Understood, I missed the point C-style interface. So we will stick to the 1 API design + your suggestions about memory allocations (clsparse::vector). Thanks for clarifying.
@kvaragan I looks like @jpola answered the majority of your questions, but to close this out I think we need to ship Beta2 with the 1 API version. It's not optimal, but its easy to document and use. I think a good approach to use is to try to simplify the guts of the SpM-SpM routine first (starting with the recommendations above), and once the current codepaths are simpler (possibly leveraging boost.compute) it may be easier to refactor the memory allocations in a cleaner way.
In the ideal world (I like Jakub's proposed names), the Analyze function would 'simulate' what would happen end to end in the SpM-SpM call, and can record/store all required temp buffers needed for the algorithm. The user would then be free to allocate those buffers as they see fit and put the buffer handles into the spmminfo structure to be passed into the spmm compute routine.

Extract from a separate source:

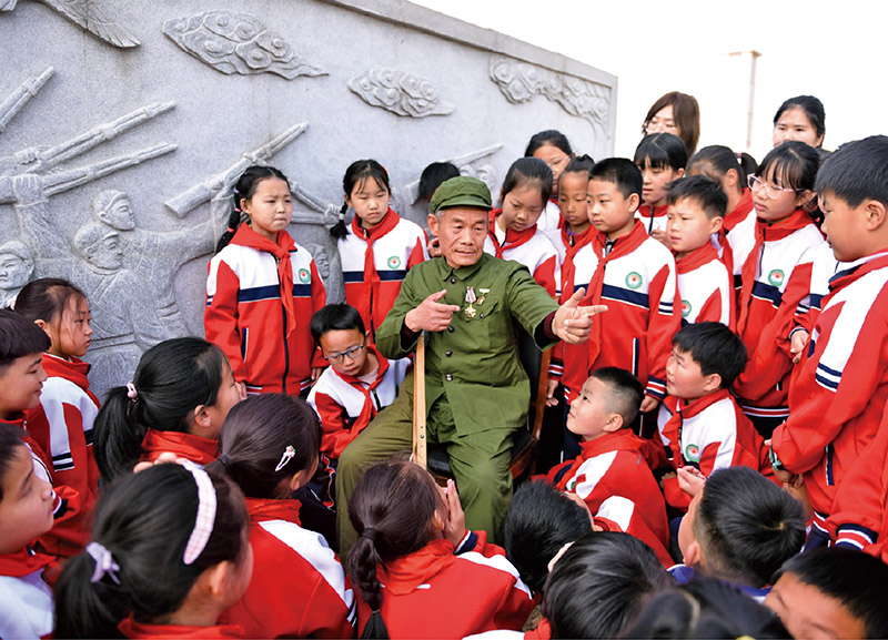 近年来,山东实施红色基因传承工程,优化英模人物宣传学习机制,建强用好各级各类教育基地,推动全社会崇尚英雄、缅怀先烈、争做先锋。图为退伍军人为中小学师生讲述革命历史故事。 山东省委宣传部供图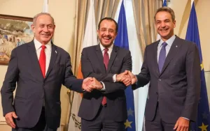 Israeli Prime Minister Benjamin Netanyahu, Greek Prime Minister Kyriakos Mitsotakis, and Cypriot President Nikos Christodoulides are expected to discuss energy cooperation, protecting offshore assets, and deterring Turkey.

Everything included in or included by clsparse.h should be extern C
. We can use C++ inside the library and user can use c++ in the application. Users are able to use boost.compute on their own if they wish, but they need to pass handles into the library. As a future enhancement request, a c++ wrapper could be provided for the library to provide convenience objects and functions.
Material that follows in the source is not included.